It happened to me as well, in a way, at my mother-in-law’s funeral in Rimini this past May. She was a beautiful Romagnola woman, a lover of life, music, and dance, taken by cancer in just six months. My wife and her sister—who sings and runs a hotel, just like their mother once did—danced to Romagna Mia, her favorite song, right there in front of the casket, already set in the hearse that would take her to be cremated. It was their way of saying, “We love you; we’re always with you; we remember you through life, not through death.” A dizzying swirl of emotions: tears and joyful music. The power of life, the strength of love.
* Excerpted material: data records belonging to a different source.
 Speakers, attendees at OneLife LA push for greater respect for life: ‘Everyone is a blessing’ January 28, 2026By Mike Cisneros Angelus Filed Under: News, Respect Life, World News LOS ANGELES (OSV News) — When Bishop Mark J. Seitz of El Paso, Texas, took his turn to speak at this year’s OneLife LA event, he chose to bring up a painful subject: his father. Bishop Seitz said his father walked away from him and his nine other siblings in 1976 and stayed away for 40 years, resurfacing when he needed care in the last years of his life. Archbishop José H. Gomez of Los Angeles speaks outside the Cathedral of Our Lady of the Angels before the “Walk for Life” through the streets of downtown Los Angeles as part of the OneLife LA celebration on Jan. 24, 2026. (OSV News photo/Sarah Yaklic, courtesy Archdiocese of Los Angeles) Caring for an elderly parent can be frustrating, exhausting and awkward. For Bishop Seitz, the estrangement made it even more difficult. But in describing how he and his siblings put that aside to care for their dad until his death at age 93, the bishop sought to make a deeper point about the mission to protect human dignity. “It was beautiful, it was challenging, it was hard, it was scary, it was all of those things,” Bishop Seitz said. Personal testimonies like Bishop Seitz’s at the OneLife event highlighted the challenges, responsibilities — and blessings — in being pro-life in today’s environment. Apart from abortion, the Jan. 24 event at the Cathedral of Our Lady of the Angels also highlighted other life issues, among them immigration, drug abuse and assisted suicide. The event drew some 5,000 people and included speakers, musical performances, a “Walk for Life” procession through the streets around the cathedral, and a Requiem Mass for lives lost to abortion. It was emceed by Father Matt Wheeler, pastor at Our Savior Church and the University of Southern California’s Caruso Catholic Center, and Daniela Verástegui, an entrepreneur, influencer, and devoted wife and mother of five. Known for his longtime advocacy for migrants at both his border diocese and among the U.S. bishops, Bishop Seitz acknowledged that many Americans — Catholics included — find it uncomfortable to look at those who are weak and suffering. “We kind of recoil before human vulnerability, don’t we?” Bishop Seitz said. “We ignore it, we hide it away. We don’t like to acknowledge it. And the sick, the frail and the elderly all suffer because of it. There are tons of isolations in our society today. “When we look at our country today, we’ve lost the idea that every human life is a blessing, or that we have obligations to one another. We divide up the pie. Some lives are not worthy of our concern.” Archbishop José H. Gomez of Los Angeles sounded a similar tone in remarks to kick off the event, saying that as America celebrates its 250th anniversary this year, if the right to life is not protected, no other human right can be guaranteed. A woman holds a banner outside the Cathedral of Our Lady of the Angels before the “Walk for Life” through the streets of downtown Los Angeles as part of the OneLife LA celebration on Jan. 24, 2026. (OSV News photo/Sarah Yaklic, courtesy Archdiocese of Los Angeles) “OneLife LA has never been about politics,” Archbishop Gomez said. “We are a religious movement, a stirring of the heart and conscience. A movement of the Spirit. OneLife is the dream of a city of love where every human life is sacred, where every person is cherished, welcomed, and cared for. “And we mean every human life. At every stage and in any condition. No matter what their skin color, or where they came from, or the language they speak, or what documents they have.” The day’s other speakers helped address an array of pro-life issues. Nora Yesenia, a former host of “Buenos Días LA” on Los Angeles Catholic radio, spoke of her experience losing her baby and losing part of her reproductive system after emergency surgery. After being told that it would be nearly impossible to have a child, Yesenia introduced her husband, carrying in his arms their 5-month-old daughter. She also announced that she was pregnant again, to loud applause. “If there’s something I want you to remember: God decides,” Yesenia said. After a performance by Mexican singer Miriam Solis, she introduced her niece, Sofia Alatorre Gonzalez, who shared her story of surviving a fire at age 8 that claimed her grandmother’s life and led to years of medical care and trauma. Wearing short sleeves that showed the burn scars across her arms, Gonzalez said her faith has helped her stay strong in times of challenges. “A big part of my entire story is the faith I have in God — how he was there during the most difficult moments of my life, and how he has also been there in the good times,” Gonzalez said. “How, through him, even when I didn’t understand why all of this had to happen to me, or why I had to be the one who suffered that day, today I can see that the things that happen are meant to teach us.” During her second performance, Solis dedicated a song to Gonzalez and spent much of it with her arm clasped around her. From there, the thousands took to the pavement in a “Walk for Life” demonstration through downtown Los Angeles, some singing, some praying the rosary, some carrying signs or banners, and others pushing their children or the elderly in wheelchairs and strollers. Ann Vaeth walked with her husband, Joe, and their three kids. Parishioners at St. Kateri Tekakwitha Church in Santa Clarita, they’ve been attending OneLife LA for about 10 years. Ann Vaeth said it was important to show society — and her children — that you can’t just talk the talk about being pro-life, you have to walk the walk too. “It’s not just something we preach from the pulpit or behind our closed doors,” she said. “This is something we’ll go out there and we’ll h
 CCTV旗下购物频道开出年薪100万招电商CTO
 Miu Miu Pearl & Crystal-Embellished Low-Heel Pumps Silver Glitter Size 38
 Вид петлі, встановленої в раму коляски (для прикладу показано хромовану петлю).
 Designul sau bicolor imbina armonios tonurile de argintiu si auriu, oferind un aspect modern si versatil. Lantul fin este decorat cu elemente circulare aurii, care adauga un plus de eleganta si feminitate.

The scene stirred up conflicting emotions; how could one dance on such a sorrowful day? Across Italy, the story and video of Nonno Gino in Veneto, dancing to dance music at the funeral of his 15-year-old grandson who died in a Vespa crash, is going viral. These were their songs—the soundtrack to their relationship and their joy together. That ritual, that defiant joy, that paradoxical happiness isn’t a lack of decorum; rather, it’s the strength of love that binds those who remain to those who have gone.
Losing a loved one is a terrible trauma, a wound that heals slowly, if ever. Each of us preserves in our hearts what makes them truly immortal, like the brief, repeated moments in front of everyone, where we hold on to the earthly happiness of simply being together.